Thanks for taking the time to comment. I have to admire your English too – if only I could speak Euskera (& my Spanish could do with some improvement too.) Unfortunately no time for everything though!
Hey again Sonya,
Sorry to bother you again, but I just thought I’d let you know that Train Faces has a brand new FaceBook page, just in case you want to ‘like’ it
http://www.facebook.com/pages/TrainFaces/
Thanks again for your contribution,
Jay.xx
Just discovered you whilst typing Montmelard + images into my search engine. Your sketches (1989) came up. I also originate from the UK but now live in Montmelard, curious as to what brought you here. Love your work, the colours and lines. Janice
Hello Janice- that’s really nice for me to think you found my site like that. I went to Montmelard when I had a summer job working on a campsite for an English company who set up tents in the grounds of a beautiful château not far from there. There was a lake in the grounds which I remember swimming in (despite it being full of frogs & snakes!)

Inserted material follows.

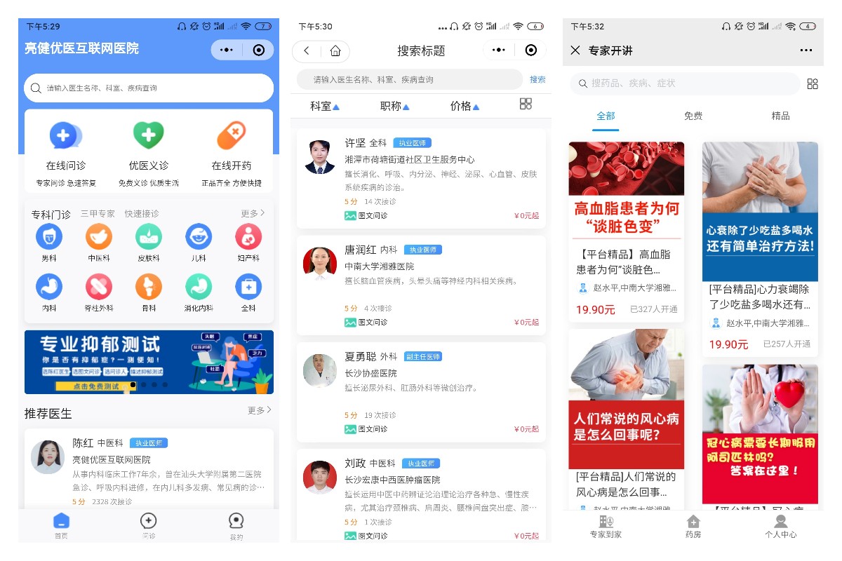 △ 亮健优医互联网医院包含在线问诊、专家开讲等多种功能

When I wasn’t having to organise tents for English customers I used to go off exploring the area either on a moped or else for a walk & taking my sketchbook along. I remember it as very idyllic with lanes full of wildflowers & lots of charollais cows everywhere. Also I had just met the person I am now married with (who I had previously met on another site in Bourgogne/Burgundy & was then whisked away from to work as a courrier by myself near where you live!). After we finished working on our respective campsites we travelled round a bit together in France before then going back to England & then later on coming to live first in Spain & then in France So I remember it as a very special time!

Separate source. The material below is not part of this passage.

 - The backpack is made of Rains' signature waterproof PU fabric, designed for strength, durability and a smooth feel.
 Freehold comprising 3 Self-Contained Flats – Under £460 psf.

I wonder if it’s changed much round there – I remember going to eat in a bar /restaurant in Montmelard at one time when some other courriers came to visit – there are good views from there as far as I recall.
Hi Sonya,
I’m a nature artist based in Rome.
I just discovered your work and the acrylics are really fascinating. They look like silkscreens and are vivid and full of light, depht and contrast. The way you render clouds is really unique. Personally I find the watercolours need a little more courage, the pigments being really diluted. I’ll follow your blog from now on.
Hi Concetta – thanks for leaving a comment – I think you’re right about the watercolours because they do look very washed out here. They are of course much paler than the acrylics anyway, but they photographed really badly. I’m not too fussed though because I haven’t been using watercolour for almost 3 years & at the time I wanted to explore the delicacy of them in a flat way. Probably I’d use them completely differently now. In fact many years ago I used to use them very strongly but that was without building up layers.